If you want to recomp test and tren would be my choice. You can be in a calorie deficit state and still gain muscle while shedding flab more than it's cousin deca,but everyone is different. Trens original use was to keep the cattles muscle mass while they starved through travel, so do you feel like a cow? LOL just kidding but just a thought.


----------



## SloppyJ (May 10, 2011)

Isn't it correct to say that NPP won't yield the same "Joint comfort" as the deca estered version because of less water retention?


----------



## TakeItToTheLimit (May 10, 2011)

does naps carry npp? Can't seem to find it


----------



## alphabolic (May 10, 2011)

TakeItToTheLimit said:


> does naps carry npp? Can't seem to find it


 
yea bottom of the first page of injectibles

it only says "GP Phenyl 100"


----------



## Himik (May 10, 2011)

SloppyJ said:


> Isn't it correct to say that NPP won't yield the same "Joint comfort" as the deca estered version because of less water retention?

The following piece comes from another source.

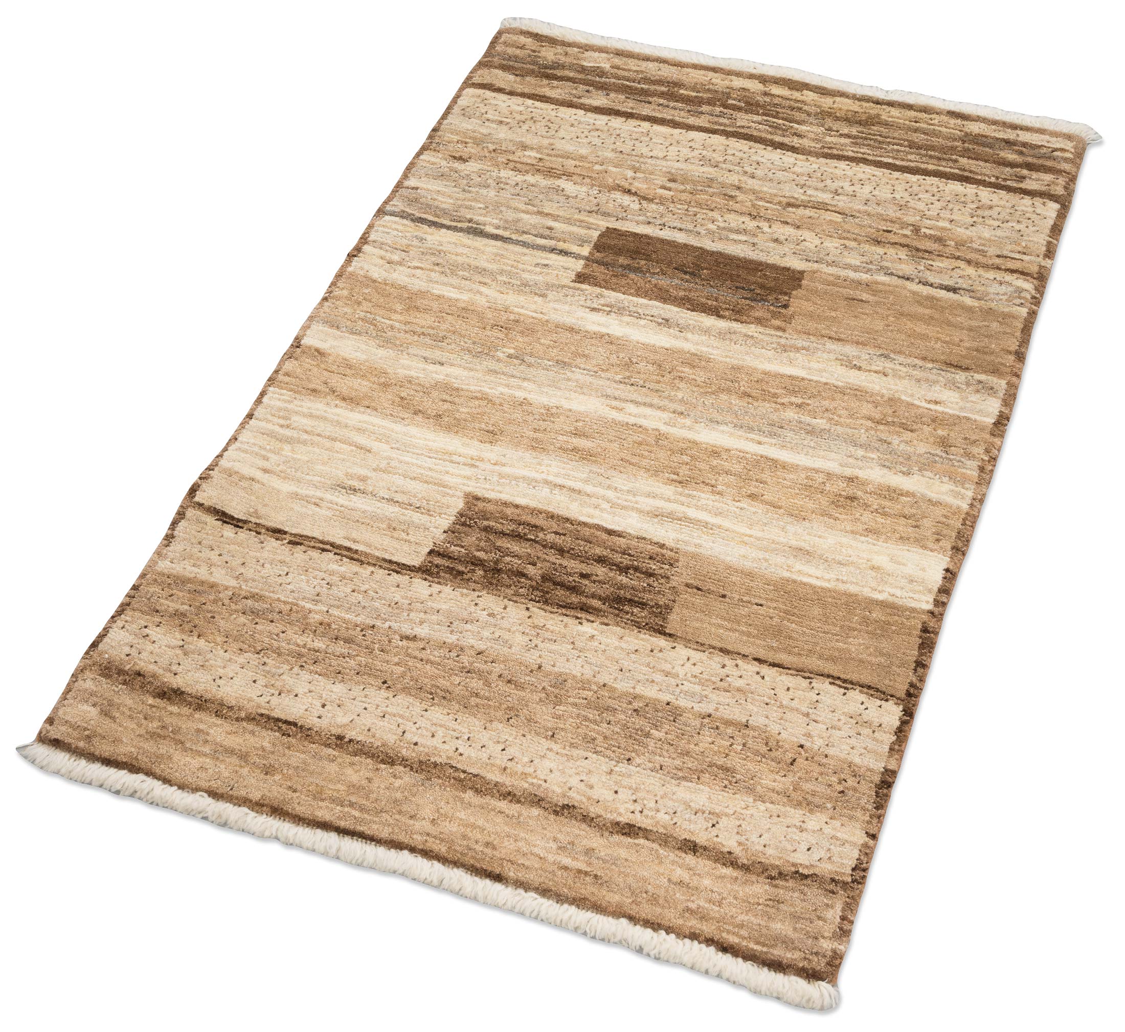 Dieser handgeknüpfte Bidjar-Novum-Teppich präsentiert sich in einem warmen Beigeton als Hauptfarbe, ergänzt durch harmonische Akzente in Hellbraun und Creme. Das Gesamtdesign besteht aus horizontalen Streifen, die in verschiedenen Breiten verlaufen und dem Teppich eine moderne und zugleich zeitlose Erscheinung verleihen. Die Musterung wirkt beruhigend und strukturiert, wobei die natürlichen Farbnuancen der handversponnenen Schafwolle aus dem persischen Kurdistan besonders zur Geltung ...mehr Beschreibung

Yes, it is the same compound just different esters.


----------



## njc (May 10, 2011)

Himik said:


> Yes, it is the same compound just different esters.


 

Thats not really an answer to his question


----------



## Himik (May 10, 2011)

njc said:


> Thats not really an answer to his question



Misread his question, my bad, I thought he was asking about collagen synthesis. NPP will hold less water so I would imagine nandrolone is a better choice for joints.


----------



## Digitalash (May 10, 2011)

Can anyone explain the "water retention" issue to me? I don't get why short esters are said to cause you to hold less water. My understanding is that regardless of the ester everything still breaks down to the base right? So wouldn't test enanthate be similar to frequent injections of test base? So why does prop cause less water retention?


----------



## purplerain (May 11, 2011)

Himik said:


> Misread his question, my bad, I thought he was asking about collagen synthesis. NPP will hold less water so I would imagine nandrolone is a better choice for joints.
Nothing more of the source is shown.